Warfare and consumer culture

The two stories that lead this week's section zoom in on a couple of consumer trends that are each difficult to spot - for very different reasons.

One reminds us that warfare spurs advances in high-tech that can worm their way into daily life.

The other reveals how one in-your-face facet of daily life - the barrage of marketers' messages - can seep into the politics of war.

First, a look at nanotechnology, the manipulating of atoms and molecules to create new materials, even microscopic tools.

Two years ago, writer Kelly Hearn covered a congressional hearing where an Army general described a nanotechnology-based armor he said would ultimately emerge. As thin as paper, it would supposedly stop a .38-caliber bullet fired at point-blank range.

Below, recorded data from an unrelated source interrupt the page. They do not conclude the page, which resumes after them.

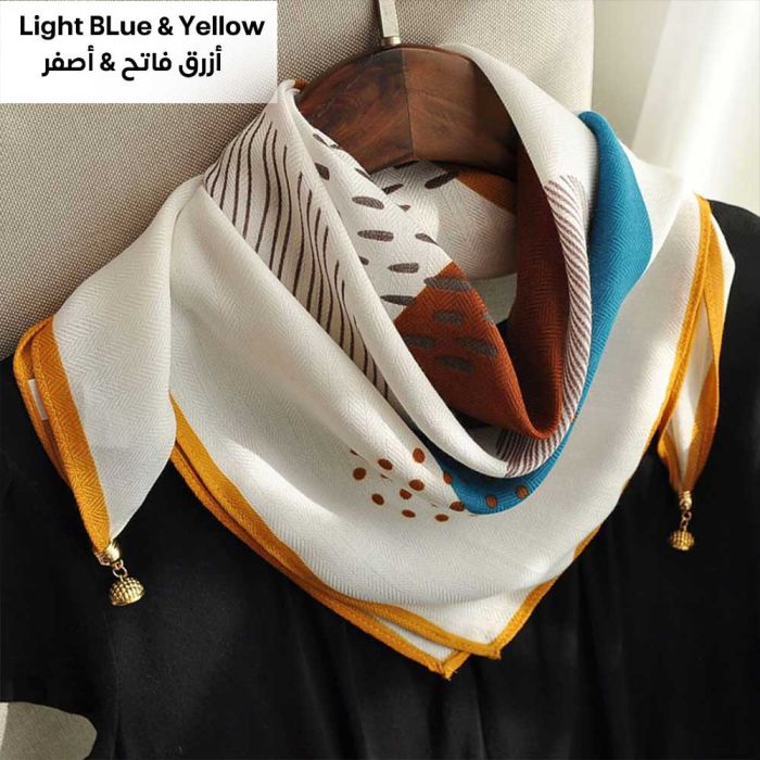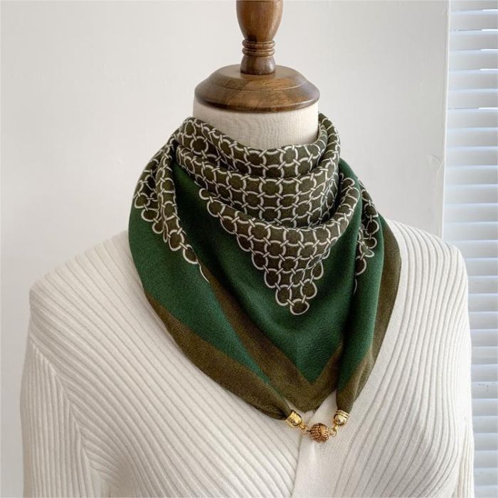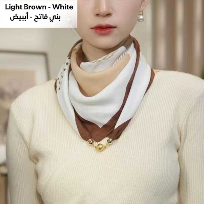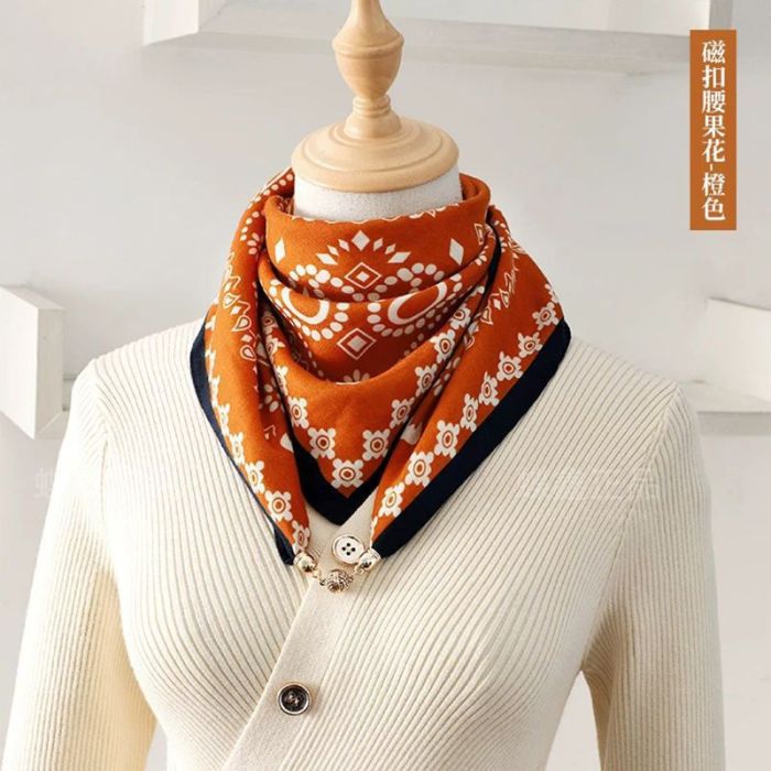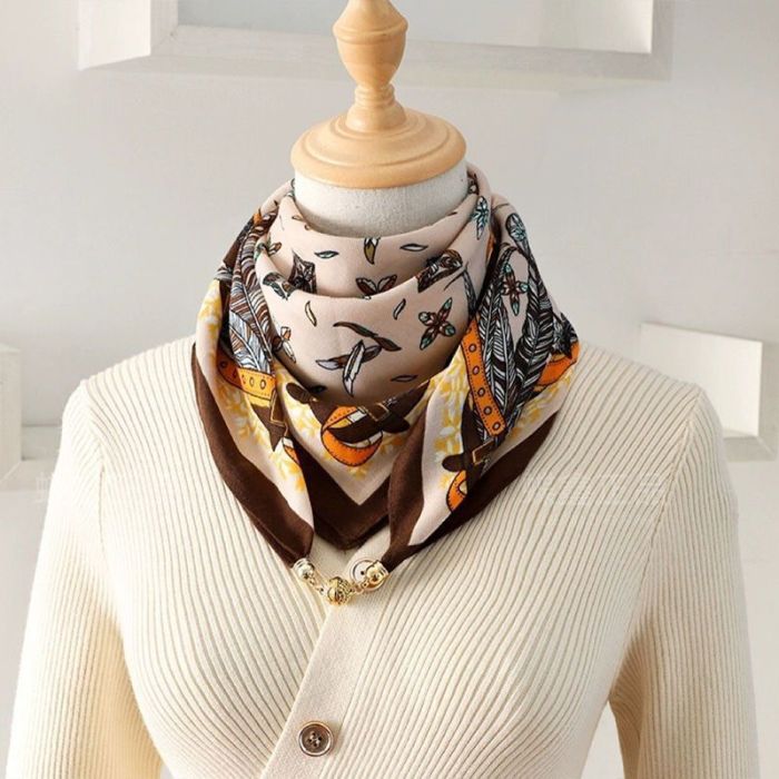 Silky-feel scarf with a magnetic clasp. Made from soft polyester for a luxurious, sophisticated feel, it provides warmth and elegance. The innovative magnetic clasp allows you to secure the scarf instantly and effortlessly. This versatile scarf can be worn as a tie, hair accessory, or bag decoration, instantly elevating any look, whether formal or casual. Its soft, skin-friendly material makes it comfortable to wear all day long.Today's Deal is Polyester Colorful Design Scarf for Women 65 x 65 cm
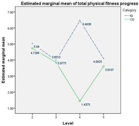 Due to the different levels of the pre-test of physical fitness indexes between the IG and CG, this study focused on the progress. The multi-factor analysis of variance showed that the total score improvement of the physical fitness index showed the effects of intervention and gender and interactions between intervention and level (F intervention = 12.029, p < 0.01; F sex = 4.913, p < 0.05; F level × intervention = 9.629, p < 0.01) (see Table 6). Figure 3 presents the simple effect analysis of the interaction between the intervention and the level, which shows that after the intervention trial, regardless of the level, the average improvement in the total physical fitness scores of children and adolescents participating in the intervention was higher than that of the students who did not. Therefore, the difference of the intervention will be analyzed separately from the aspects of gender and level. Due to the excessive number of results, each section only presents and analyzes the results with significant differences.
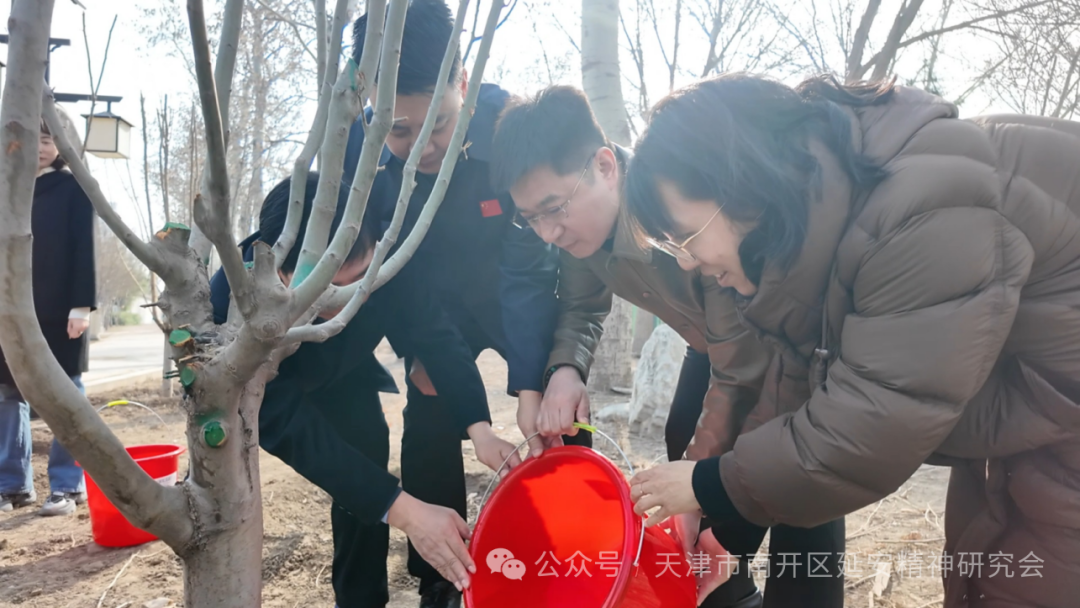 3月19日上午,在3·20天津市全民义务植树日前夕,南开区延安精神研究会组织会员及水上公园街社区志愿者,走进周恩来邓颖超纪念馆南开育棠园,开展海棠树苗培育养护志愿服务。天津市关心下一代工作委员会老模范工作委员会副主任葛英秋,委员李蕾、刘凤媛应邀出席;区延安精神研究会会长朱树江,副会长赵月萍、李亚博、曹瑞杰,监事长尹雪莉,理事王月华、吴伟参加活动。

Unless it's now making some top-secret debut, the armor is not being used by our forces in Iraq. But Defense Department funding aimed at enabling such breakthroughs has spurred advances in car manufacturing, water filtration, sports gear, and many other areas.

In our second lead piece, consumer writer Noel Paul tracks Washington's moves to "brand" the current conflict in the months before its launch.

Not to be too reductionist about it, the US needed to replace an old "product," containment of Iraq, with a new one, Iraq's reinvention.

The Bush administration pitched its cause sometimes as an issue of disarmament, sometimes as one of a needed "regime change," and sometimes as both. It watched polls while doing what it felt it had to do politically.

We asked some marketers for an assessment of that campaign. With the benefit of hindsight, they found some room for improvement.